IMO this is the round petal or "bubbly" flower pattern. Very few OECs have the cut or symmetry to achieve this. You can see it with a tad more rounding of the petals here:
The "bubbly" or round petal flower pattern is similar in cut to yours, but with a smaller table so it halts the petals before they elongate.
I think of these as the pinwheel pattern which is more typical of early OECs or somewhat disorganized OECs, and some OMCs. You can see the facets under the table don't look like a flower at all, there is no tapering or inconsistent tapering before the table ends. .
@Polyhex Thank you, thank you, thank you!!! Your photos and descriptions of the different styles are far better than mine. I know there can be some strong feelings about how these different flavors are named, and I'm so glad you've sorted it out for us.
That photo of your OEC is just fantastic! Do you have a thread on it?
I'd heard the "bubbly" term before but hadn't been able to fit it to a particular style. I'm going to bring that photo up again because it's very close to how our OEC looked before the recut. It's also going to help explain what we were aiming to do in Stage 3 of the recut.

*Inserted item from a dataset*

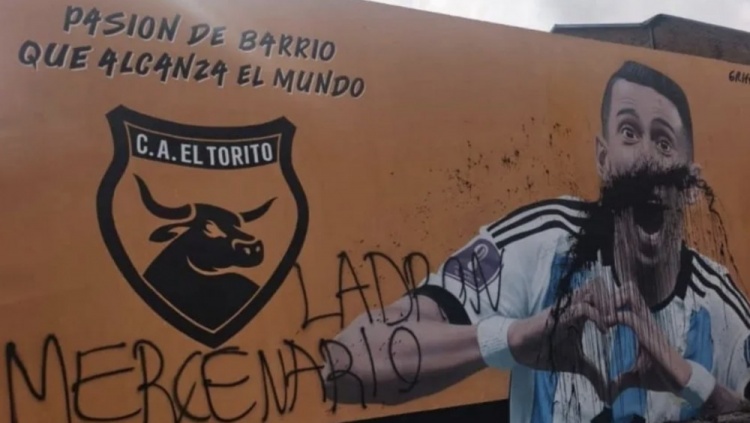 这幅壁画位于罗萨里奥北部的托里奥俱乐部,迪马利亚小时候曾在这里踢球。壁画的内容是迪马利亚在2022年世界杯决赛进球后的庆祝动作,旁边还有托里奥俱乐部的队徽。但本周有人用黑色喷漆破坏了壁画,并在一旁写着“小偷,雇佣兵”。

You can see the lowers are cut so they are just peeking out from under the table and they do start to create a flower. This diamond is a precision cut so all eight lowers are cut to exactly the same length within 1%. Our OEC had a 5% variation in lower half length so we had a couple that looked like this, a couple that stuck out a little more, and four that were too short to be seen.
Interestingly if you were to tilt the top of this diamond away from you, a 3D effect would expose more of the top lowers and hide the bottom lowers. You would see a much stronger flower at the top, but none at at the bottom. So if you rock the diamond back and forth the flower pattern gets weaker and then stronger, and changes position. This effect can be almost mesmerizing and very beautiful.
Our doomed Plan A in Stage 2 was to open up the table exposing more of those lower half facets and thus create a stronger flower. Stage 3 was to slightly increase the length of the two shortest lowers to reduce our 5% variation and make sure all eight of them extended out under the table. We all thought this stage would be far the easiest of the three stages. Turns out we were wrong!